Government Can’t Regulate Just One Side of the Market

The rest of the story.

I’ve spent the last week or so teaching price controls in my intro-to-economics class. One thing I tried to stress is that controls are often sold to the citizenry in a way that disguises what they really do.  I don’t mean just the obvious point that there are unintended consequences. I mean that such laws appear to regulate only the “bad guys” while protecting the innocent folks on the other side of the transactions.  In reality government can’t regulate just one side of the market: Regulations on sellers are necessarily regulations on buyers, and regulations on buyers are necessarily regulations on sellers.

Take a simple price ceiling, such as a maximum price for gasoline or maximum rent for Manhattan apartments.  People who support such laws think that somehow those who are selling or renting the good have the power to charge a higher price than what is perceived as fair or just, and that legislating a maximum below what would be charged must therefore protect consumers.  The traditional economic analysis rightly shows how this causes shortages and various other undesirable unintended consequences.

Buyers Limited Too

The point I want to make is that such laws also limit the behavior of buyers (or renters). In a genuinely free market, sellers who wish to maximize profits cannot charge any price they wish. They must be attentive to the intensity of consumer demand at various prices.  Ultimately the price of a given good is high because buyers find the product very valuable.  Price control says, “Sorry, buyers, you cannot express to sellers just how valuable you find this good, and therefore those of you who value it most highly will be unable to gain access to it.”  So rather than view price ceilings as laws to protect hapless buyers from ruthless sellers, we would be more accurate in seeing them as laws that prevent motivated buyers from outcompeting other buyers and communicating to ignorant sellers just how intensely they value the good.

We can make the same argument about price floors, or minimum-price laws such as farm price supports or the minimum wage.  Minimum-wage laws are normally couched in terms of protecting powerless sellers of labor against ruthless buyers, who have so much power, they can drive wages down to near-poverty levels.  Again, we know how the minimum wage causes all kinds of problems, most importantly high levels of unemployment among the least-skilled workers.  (In fact, many early proponents of the minimum wage recognized this, but saw it as a feature not a bug: It was a way to impoverish and eliminate the eugenically undesirable [pdf].)

However, like maximum-price laws, these laws really limit the other side of the market.  A minimum wage does not just prevent employers from “exploiting” workers at “too low” a wage; it also prevents workers from offering their services at wages they think will make them employable.  For lower-skilled workers, a minimum-wage law is effectively a minimum-productivity law that undermines their ability to outcompete other workers by offering to work for less when they can’t produce as much per hour as the minimum wage.  And this is precisely the feature of the law that higher-skilled workers like: It enables them to shut out competition from other workers.

Who Competes?

The key is to remember that market competition is not between buyers and sellers, but rather among buyers and among sellers.  As a result, all laws that limit prices necessarily limit the ability of both sides of the market to compete, regardless of how the law is framed or who its proponents say it will “limit.”  All price controls choke off market communication by preventing the competitive process on each side of transactions from telling the other side how much goods are valued.

The next time someone tells you that price controls or minimum-wage laws put the brakes on powerful firms that sell necessities at too high a price or buy labor at unfairly low wages, don’t believe it.  Those laws limit consumers and workers, especially lower skilled ones, at least as much as they limit powerful firms.

There Are 10 Responses So Far. »

  1. Excellent, eye-opening explanation.

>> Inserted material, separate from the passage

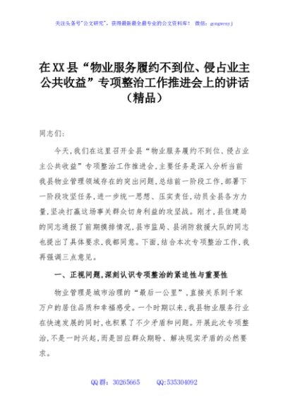/ 在XX县“物业服务履约不到位、侵占业主公共收益”专项整治工作推进会上的讲话(精品)

Thanks

  2. When I understand this it seems so basic thaT I wonder why it needed to be stated. I thought that I was not so suseptable to the spin doctors and psuedo public servants.

  3. Economics in my understanding has much in common with Electronics. Force when applied is limited to the contact point of the application, but it will affect a change in potential throughout the circuit. It looks like you only touched the wire to one place, but the effect of the raised or lowered power at that point in the circuit causes unseen changes in other parts of the circuit.

    In Electronics, we learn to use Superposition Theorem to calculate how a component sees the circuit, but what we don’t see in this calculation is the overall effect on the other components. All of the other components are lumped together into a single applied voltage, supplied current, and characteristic resistance, and the component being tested is set into this simpler circuit and analyzed.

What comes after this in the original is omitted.